▶ _Available data_:
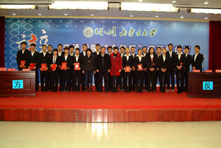 學院學工處副處長、團委副書記高飛(右)、 組織宣傳科副科長董小紅(左) |
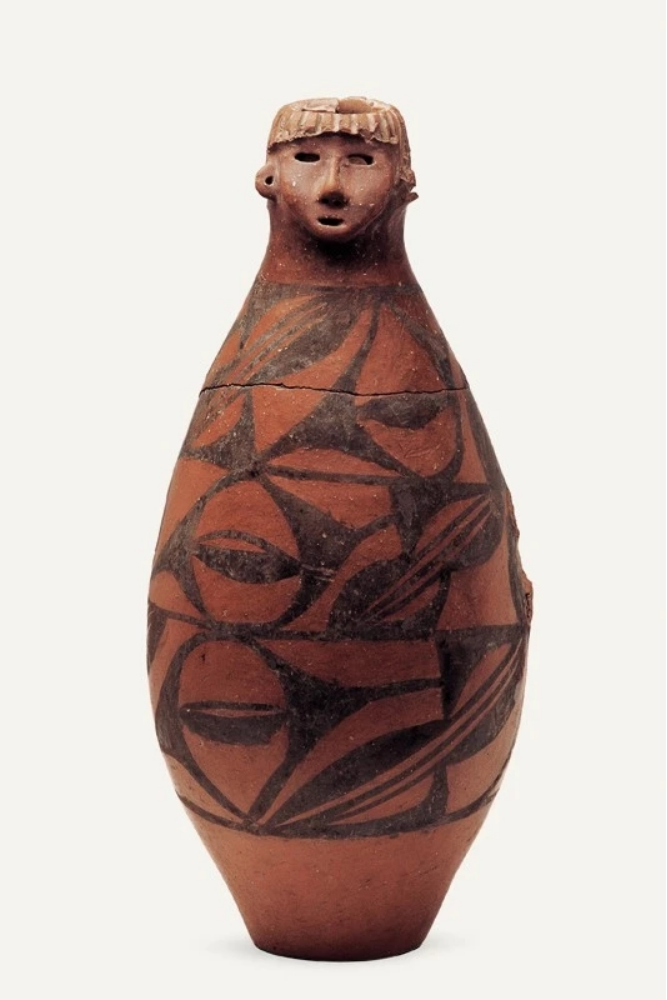 隴東少女作為甘肅的“顯眼包”之一,是曾在《國(guó)家寶藏》中出現(xiàn)過的“網(wǎng)紅”、甘肅省博物館鎮(zhèn)館之寶,它于1973年從秦安縣大地灣遺址出土。具有高度審美能力的“托尼”老師,設(shè)計(jì)了齊劉海發(fā)型,顯得很泰酷辣,圓鼓腹、平底,人們細(xì)看發(fā)現(xiàn),陶人的兩眼為圓孔洞,顯得目光深邃;鼻子呈蒜頭形,雕有鼻孔;嘴較小,微微張開,好像正在言語;兩耳外展,皆有穿孔;瓶體從上至下以黑彩飾三層大小相同、由弧線三角紋和斜線組成的二方連續(xù)圖案,以示華麗的衣物。另外,陶瓶人頭像的器口運(yùn)用了不同的制作手法,頭發(fā)、嘴系雕刻而成,鼻、臉是捏塑而成。人頭像五官整齊、面龐秀麗,器身造型典雅,與人物形象渾然一體,既是大地灣文化彩陶的代表作,也是中國(guó)史前集彩繪、雕塑與造型藝術(shù)于一身的杰作。估計(jì)任誰看一眼,都會(huì)被“她”的神秘和美麗所吸引吧。
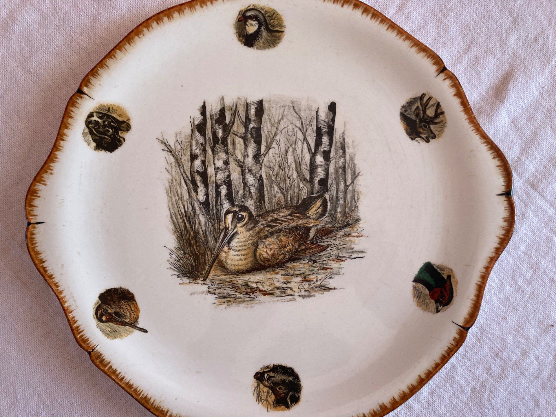 Plat rond à décor de gibiers, becasse au centre Limcolor

▶ _How to complete this task_: An exact copy of the listing is required, excluding any pictures.

▶ _Written solution_:
 學院學工處副處長、團委副書記高飛(右)、 組織宣傳科副科長董小紅(左) |
 隴東少女作為甘肅的“顯眼包”之一,是曾在《國(guó)家寶藏》中出現(xiàn)過的“網(wǎng)紅”、甘肅省博物館鎮(zhèn)館之寶,它于1973年從秦安縣大地灣遺址出土。具有高度審美能力的“托尼”老師,設(shè)計(jì)了齊劉海發(fā)型,顯得很泰酷辣,圓鼓腹、平底,人們細(xì)看發(fā)現(xiàn),陶人的兩眼為圓孔洞,顯得目光深邃;鼻子呈蒜頭形,雕有鼻孔;嘴較小,微微張開,好像正在言語;兩耳外展,皆有穿孔;瓶體從上至下以黑彩飾三層大小相同、由弧線三角紋和斜線組成的二方連續(xù)圖案,以示華麗的衣物。另外,陶瓶人頭像的器口運(yùn)用了不同的制作手法,頭發(fā)、嘴系雕刻而成,鼻、臉是捏塑而成。人頭像五官整齊、面龐秀麗,器身造型典雅,與人物形象渾然一體,既是大地灣文化彩陶的代表作,也是中國(guó)史前集彩繪、雕塑與造型藝術(shù)于一身的杰作。估計(jì)任誰看一眼,都會(huì)被“她”的神秘和美麗所吸引吧。
 Plat rond à décor de gibiers, becasse au centre Limcolor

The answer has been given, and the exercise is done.